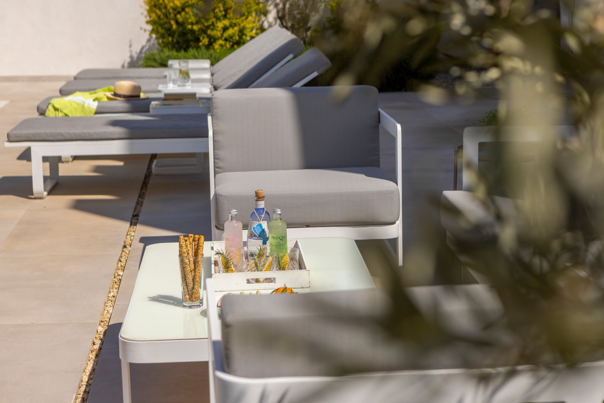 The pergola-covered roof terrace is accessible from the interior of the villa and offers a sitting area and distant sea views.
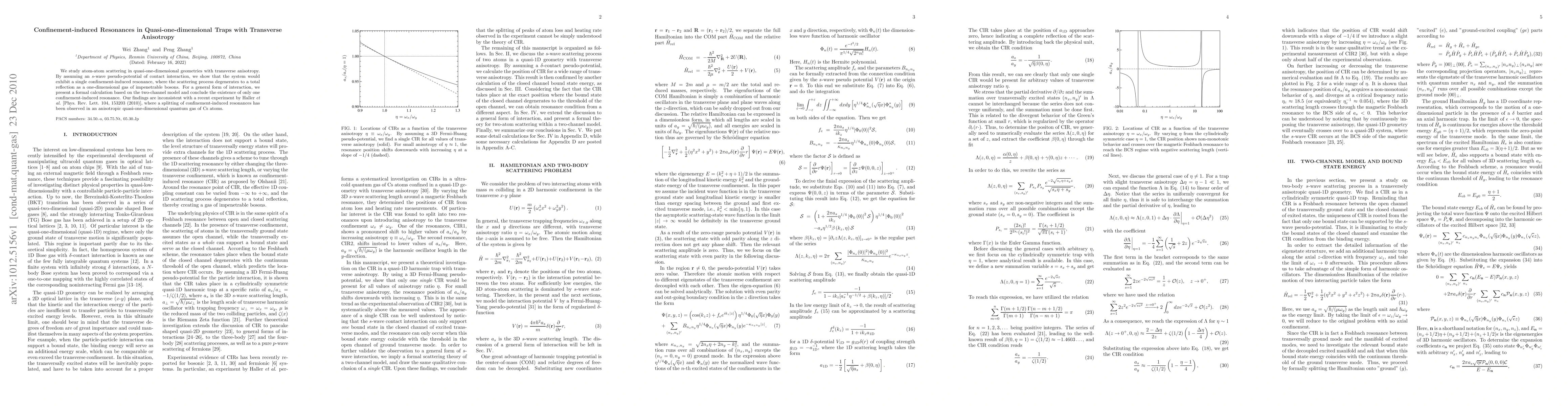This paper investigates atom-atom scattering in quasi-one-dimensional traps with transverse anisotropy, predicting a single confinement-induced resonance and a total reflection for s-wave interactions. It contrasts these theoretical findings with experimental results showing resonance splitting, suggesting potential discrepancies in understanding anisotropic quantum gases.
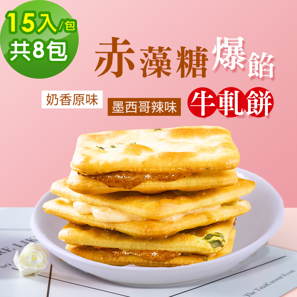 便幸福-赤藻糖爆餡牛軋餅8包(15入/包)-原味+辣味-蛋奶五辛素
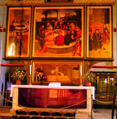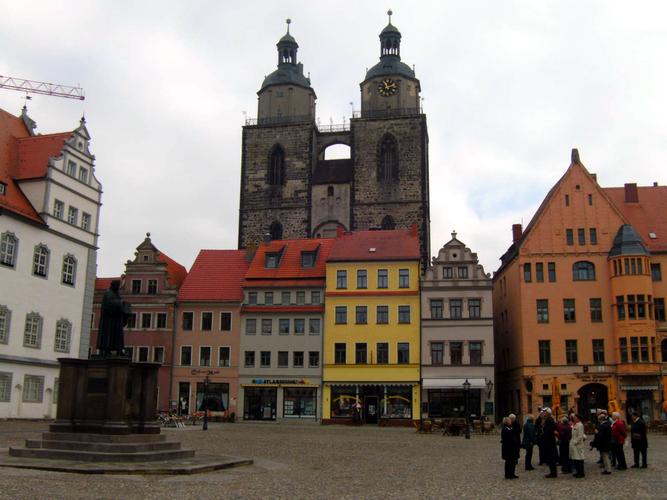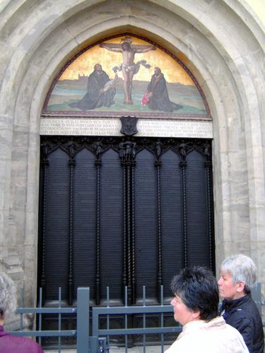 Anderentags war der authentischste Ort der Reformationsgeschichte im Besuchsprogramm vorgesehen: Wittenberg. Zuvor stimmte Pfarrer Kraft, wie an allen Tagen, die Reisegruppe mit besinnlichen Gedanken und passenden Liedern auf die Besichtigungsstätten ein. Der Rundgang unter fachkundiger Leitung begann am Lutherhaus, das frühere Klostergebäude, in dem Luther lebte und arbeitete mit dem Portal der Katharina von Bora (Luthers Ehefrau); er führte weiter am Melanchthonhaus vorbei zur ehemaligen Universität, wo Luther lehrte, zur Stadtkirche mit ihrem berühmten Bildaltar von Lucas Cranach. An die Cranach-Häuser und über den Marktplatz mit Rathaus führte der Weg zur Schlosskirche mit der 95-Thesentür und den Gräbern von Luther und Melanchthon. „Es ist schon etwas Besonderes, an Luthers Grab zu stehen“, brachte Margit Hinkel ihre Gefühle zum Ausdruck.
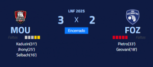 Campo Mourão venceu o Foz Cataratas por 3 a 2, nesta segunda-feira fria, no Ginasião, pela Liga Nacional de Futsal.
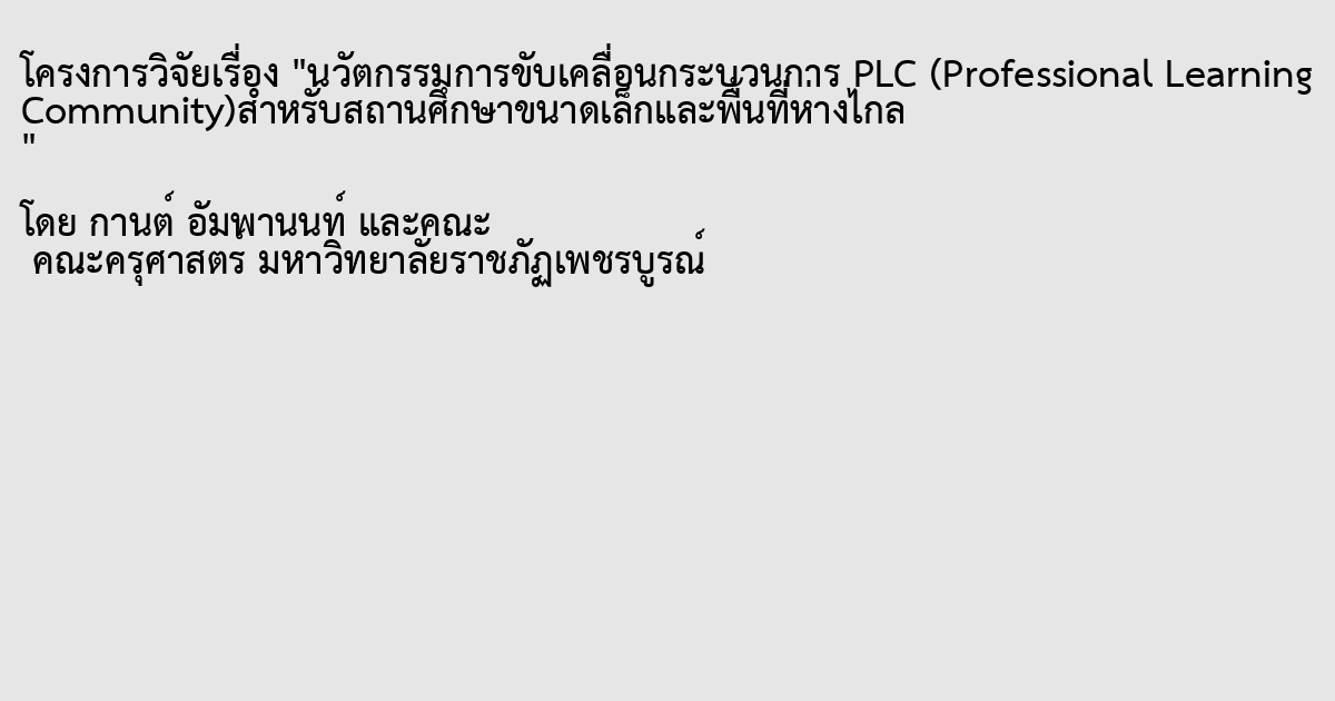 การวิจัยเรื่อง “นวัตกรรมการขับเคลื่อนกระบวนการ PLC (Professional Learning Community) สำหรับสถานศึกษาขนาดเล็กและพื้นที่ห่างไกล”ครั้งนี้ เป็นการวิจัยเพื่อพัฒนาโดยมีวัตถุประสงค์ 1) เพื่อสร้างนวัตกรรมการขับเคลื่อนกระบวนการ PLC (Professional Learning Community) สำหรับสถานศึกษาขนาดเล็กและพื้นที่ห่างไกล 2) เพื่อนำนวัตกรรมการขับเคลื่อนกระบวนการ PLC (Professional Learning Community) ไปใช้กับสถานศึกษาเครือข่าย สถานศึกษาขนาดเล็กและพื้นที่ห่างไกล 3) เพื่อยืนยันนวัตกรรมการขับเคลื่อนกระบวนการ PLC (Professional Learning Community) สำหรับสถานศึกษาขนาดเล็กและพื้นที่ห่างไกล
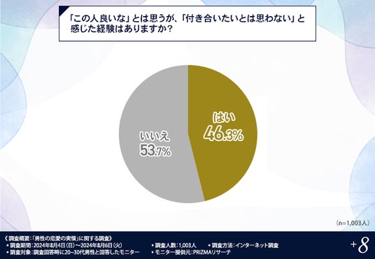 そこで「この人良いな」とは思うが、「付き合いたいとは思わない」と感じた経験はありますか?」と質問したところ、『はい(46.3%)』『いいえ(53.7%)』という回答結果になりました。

***

Please give back exactly the lines from the first line of the records above through the line containing "便幸福-赤藻糖爆餡牛軋餅8包(15入/包)-原味+辣味-蛋奶五辛素", only those and both included, with the pictures removed.

Answer below:
 The pergola-covered roof terrace is accessible from the interior of the villa and offers a sitting area and distant sea views.
This paper investigates atom-atom scattering in quasi-one-dimensional traps with transverse anisotropy, predicting a single confinement-induced resonance and a total reflection for s-wave interactions. It contrasts these theoretical findings with experimental results showing resonance splitting, suggesting potential discrepancies in understanding anisotropic quantum gases.
 便幸福-赤藻糖爆餡牛軋餅8包(15入/包)-原味+辣味-蛋奶五辛素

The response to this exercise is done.